When I first learned about Bikeshare Hawaii’s Biki bike share program, I was intrigued. Learning to ride a bicycle without training wheels is among my fondest childhood accomplishments — right up there with learning to tie my shoelaces. I remember the sense of pride and freedom I felt in learning a skill that allowed me to travel greater distances faster than walking through my own physical effort. Since then, bicycle riding has been one of my favorite activities.

I eagerly signed up for the Biki when it launched and opted for the Free Spirit Plan, which provided me 300 minutes of bike use at my leisure.  Initially, I was curious to see how I could add cycling into my daily life. Don’t get me wrong, I love driving my 2013 Honda Civic, but I have lots of issues with Honolulu’s regular gridlock and the ever-challenging parking lot shuffle. I thought Biki would be a convenient way to travel short distances while getting some much-needed exercise.

Six months after I began my experiment with Biki, it’s become my primary means of transportation to and from work. On most weekday mornings, my commute begins with a five-minute walk to one of the three Biki stations around Thomas Square. I use the GPS-enabled Biki app on my phone to get an access code and unlock a bike. After unlocking the bike and adjusting the seat, I begin my short bike ride down the King St. protected bike lane to a Biki station near work. The whole trip takes me about 15 to 20 minutes from door to door. I’ve even used Biki to meet up with friends in Waikiki, Kakaako, and Chinatown. I don’t have to deal with traffic or parking, only a bit of perspiration.
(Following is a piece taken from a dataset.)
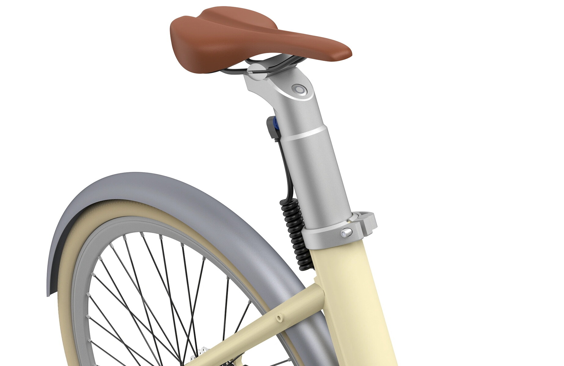 Schaut man sich die Bilder an, so übernimmt das Ado Air 28 außerdem die Akku-Sattelstange, bei der der Akku nicht im Rahmen sitzt, sondern direkt in die Sattelstange integriert ist. Das Konzept haben wir im Ado Air 20 durchaus divers mit uns selbst diskutiert. Einerseits ist es sicher praktisch im Rahmen keinen Angriffspunkt für Regen, Schmutz oder Schnee nach dem Entfernen des Akkus zu lassen. Andererseits kann die Implementierung als besonders dicke Sattelstange auch etwas unpraktisch sein. Denn eine größere Last wie einen Kindersitz oder Ähnliches möchte wohl niemand gerne an ein sensibles Bauteil wie einen Akku anschrauben.

I’ve come to appreciate the burst of physical activity in the morning. It helps wake me up and prepares me for the work day by getting my blood flowing and elevating my heart rate. I’ve noticed subtle changes like feeling more energetic, alert, and not automatically opting for that morning cup of coffee when I get to work. Plus, the morning and afternoon physical activity have been a nice compliment to my renewed efforts at the gym.

Honolulu streets are busy and dangerous. Making use of Biki, like walking or driving, requires caution and conscientiousness. I’ve had my share of close calls with cars and pedestrians alike, so a helmet is definitely recommended for added safety. If you’re curious about giving Biki a try or looking for a way to fit more physical activity into your routine and traffic is gridlocked — try hopping on a Biki bike! It’s an easy and convenient way to get around town.